Industries: Manufacturing & Mobility

Products: MongoDB Atlas Database, MongoDB Atlas Vector Search

Partners: Google Cloud, PowerSync

Solution Overview

As automakers race to deliver next-generation driving experiences, they face growing pressure to differentiate with intelligent, user-friendly digital systems. In-car voice assistants have emerged as a key opportunity—yet most still fall short, limited to basic commands like setting navigation or controlling music. With the rise of generative AI, there’s a clear path to move beyond these limitations and deliver truly personalized, dynamic interactions behind the wheel.

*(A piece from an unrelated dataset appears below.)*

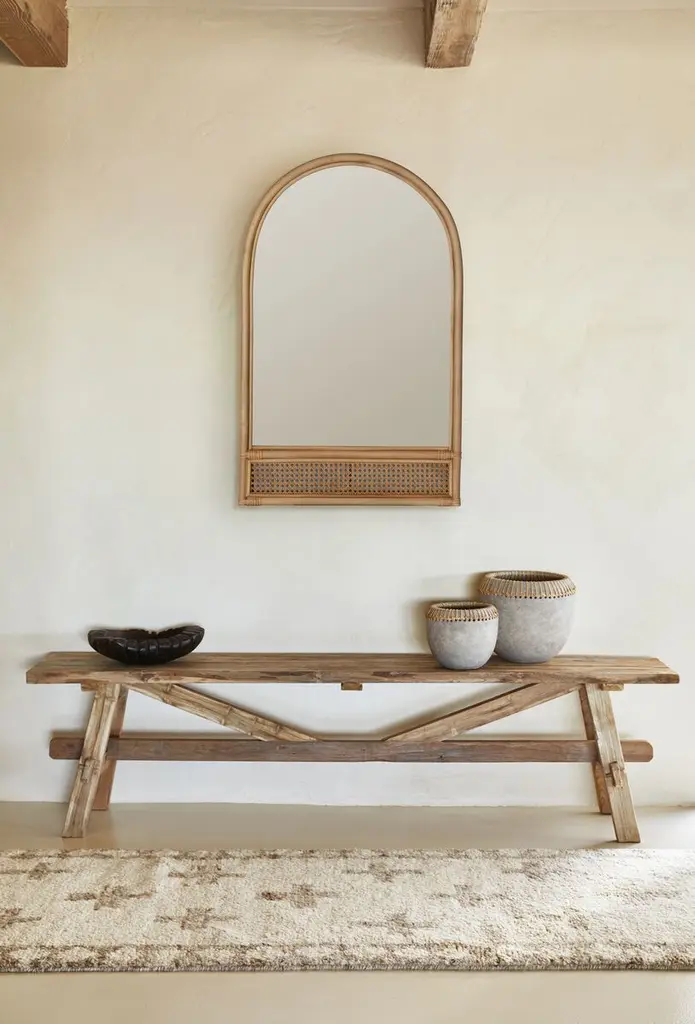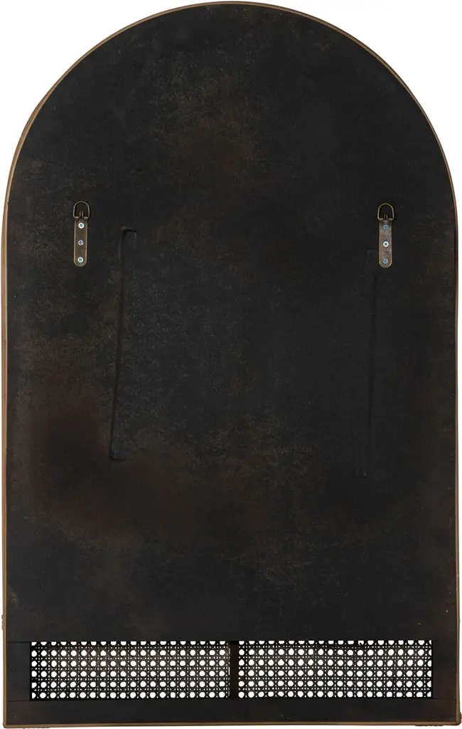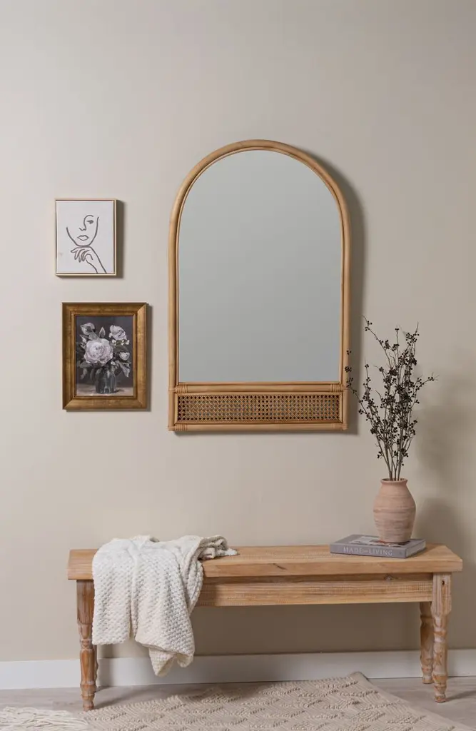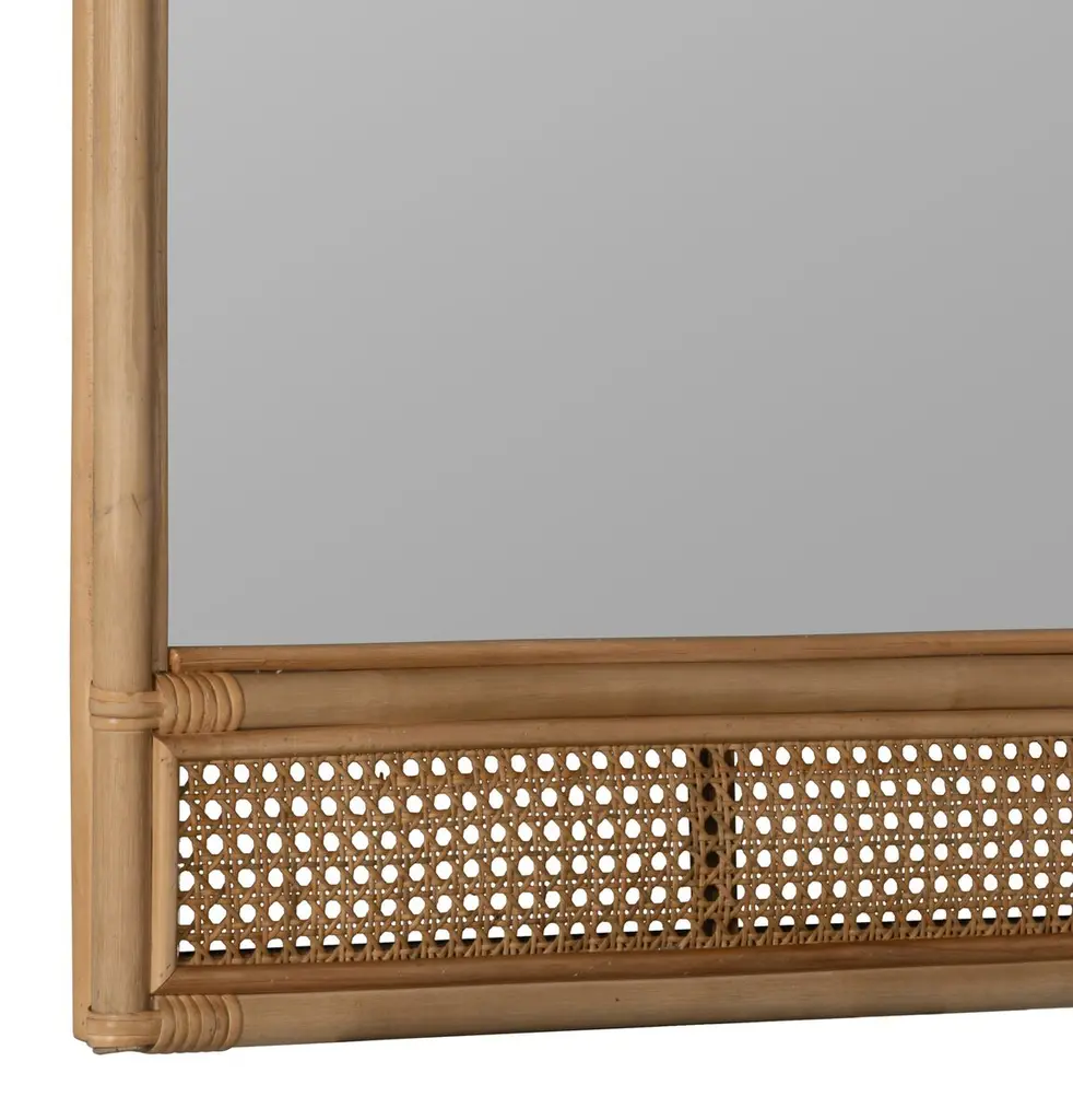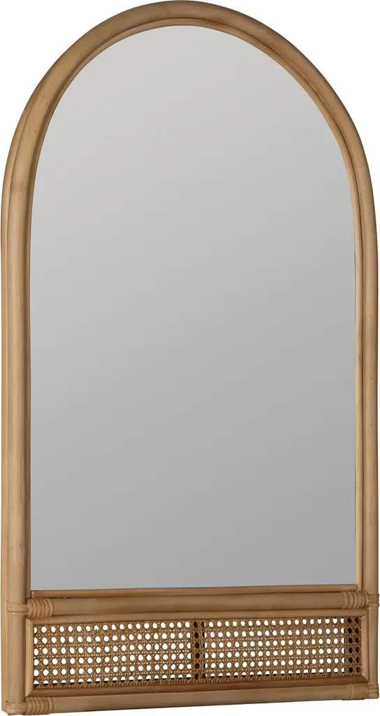 Cane inserts and leather bindings bring tropical panache to this arched mirror's bentwood frame.

This solution demonstrates how automotive teams can build a scalable, real-time voice assistant powered by gen AI and backed by MongoDB Atlas. The architecture integrates vehicle telemetry, user preferences, and car manual embeddings to create an in-car assistant capable of adapting to each driver’s needs. By using MongoDB Atlas’s flexible document model and built-in vector search, developers can streamline data complexity and deliver features faster for a better, more intuitive in-car experience.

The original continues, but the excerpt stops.